It’s hard to decide what to invest in next once a castle’s walls are built and guards are trained. The possibilities are nearly endless: make the walls higher, make the walls thicker, reinforce the walls with stronger material, build a moat, replace the moat entrance with a drawbridge, fill the moat with predators, train more guards, train the guards better, give the guards better tools, train all of the castle’s inhabitants in some way, build a vault inside the castle, or some other solution not listed here. There is likely no one-size-fits-all-castles answer because every castle will have different valuables to protect, encounter different types of thieves, have different tolerances for risk, have different budgets, and define different criteria for success.

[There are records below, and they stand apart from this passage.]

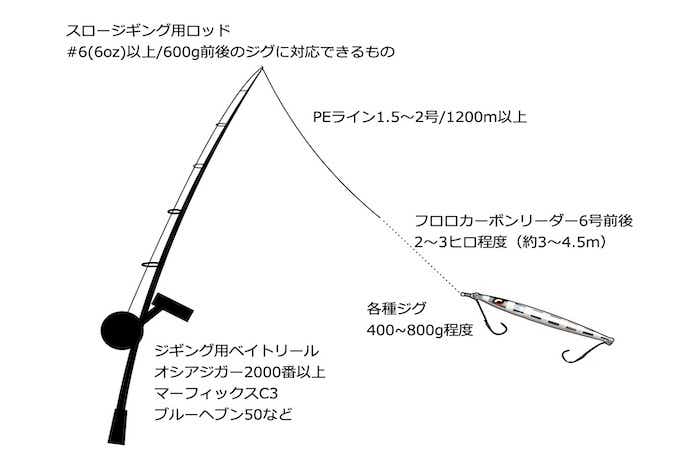 ロッドは、600g前後が操作できるスロージギングロッドを選びましょう。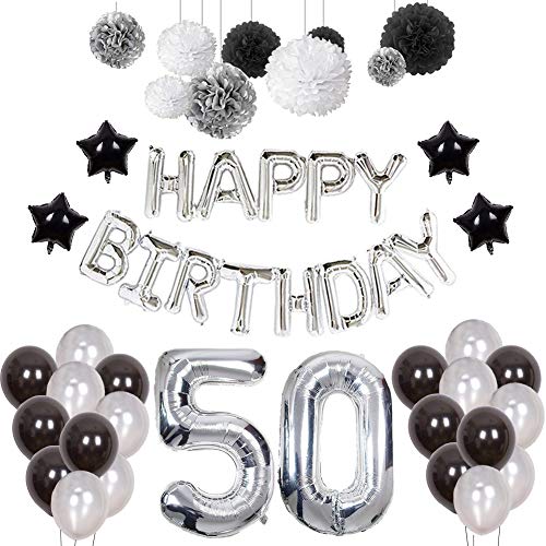 Puchod 50 Birthday Decorations For Men Happy Birthday Balloons Party Supplies Set Foil Latex Balloons Banner Black White Silver Paper Pom Poms Buy Online In Cayman Islands At Cayman Desertcart Com Productid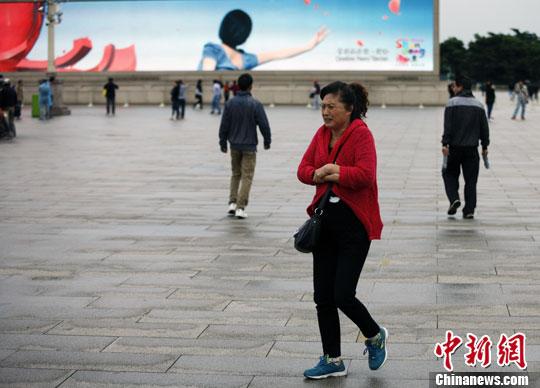 資料圖: 秋分節氣,北京下起了小雨,氣溫有明顯下降。圖為北京市民換上秋裝。中新社發 溫宸鑒 攝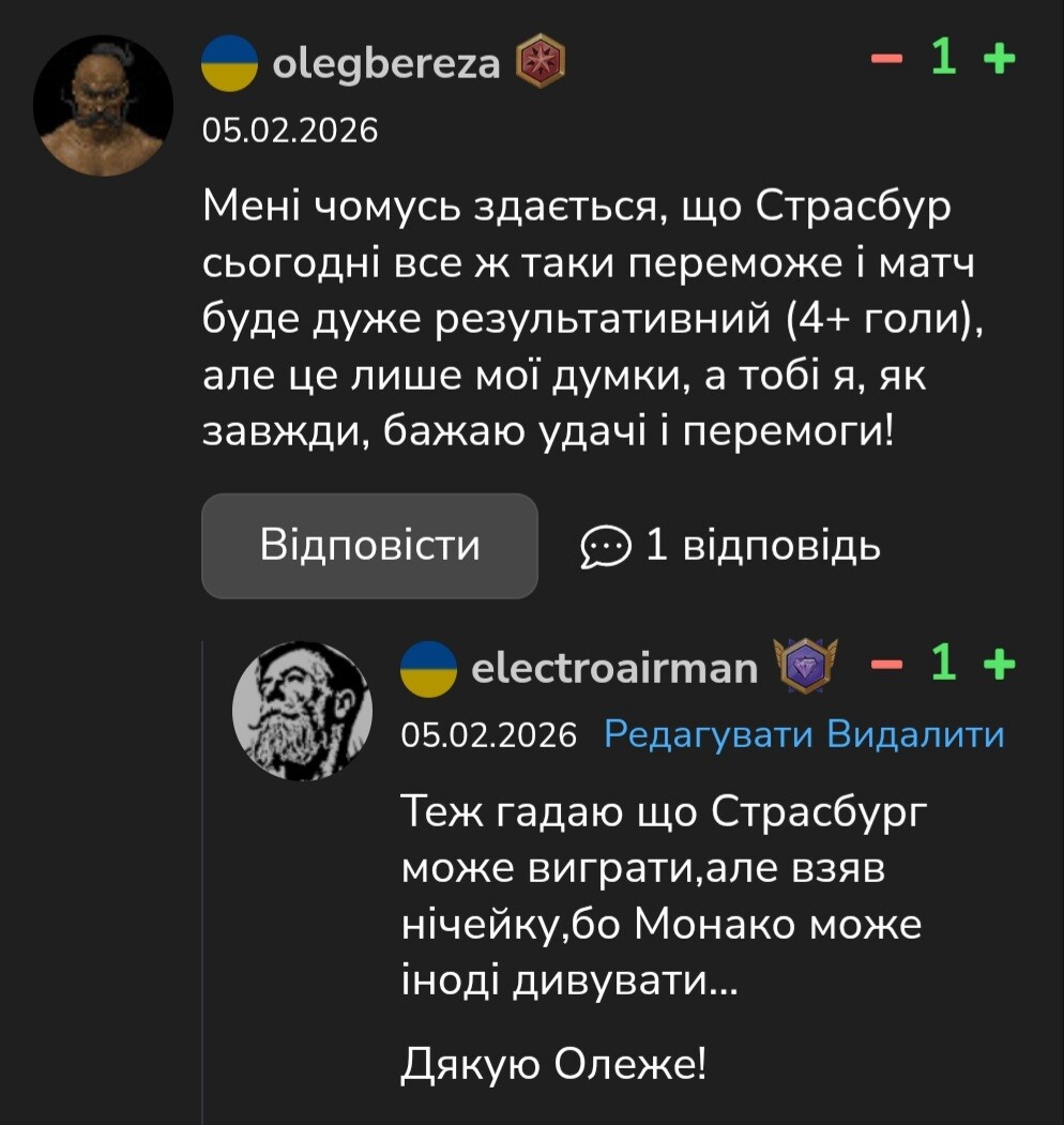 Цікавий прогноз, не думаю, що буде нічія. Бажаю тільки виграшу👍👍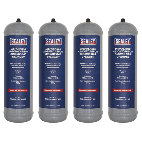Sealey | Disposable Argon/Carbon Dioxide Gas Cylinder 430g, 2.2L - Pack of 4 - MIGMIX2.24

In securing a modern day organization, there are equally many choices. Segmenting a network by sensitivity or purpose, hardening the operating system its machines use, enforcing multi factor authentication (MFA) on accounts and logins, training end users to identify and avoid suspicious links and attachments, filtering email from unknown sources, deploying endpoint detection and response (EDR) agents, limiting who can install software, and deploying deception are just a few of the many common practices. While there is no easy way to determine which investment will be best, deception’s advantages make it a great choice for some environments.
Flexibility
Deception provides more flexibility to the security team deploying it than traditional security tools. While all security tools are subject to the same unfortunate truth - increasing the precision of a tool decreases its recall (and visa versa) - deception allows a security team to choose exactly where a given decoy lands on the precision/recall spectrum. By placing decoys in commonly searched places, defenders can reduce the number of evaded alerts, increasing recall. Alternatively, by hiding decoys in less common areas, defenders can reduce benign positive alerts, which increases precision. This flexibility makes deception a great choice for organizations that want to fine tune the fidelity of the alerts they receive.
Performance impacts
Decoys usually impact the performance of the systems they run on much less than traditional security tools. For example, to protect an employee’s workstation, an organization might use an EDR that monitors running processes, files reads and writes, network connections, and other activity on the workstation. While EDRs protect workstations and detect malicious actions on them well, they consume a portion of the workstation’s limited resources (RAM and CPU in particular) in order to do so. In contrast, decoys placed on a workstation in order to protect it often consume no resources unless something interacts with it, which should not happen under normal circumstances.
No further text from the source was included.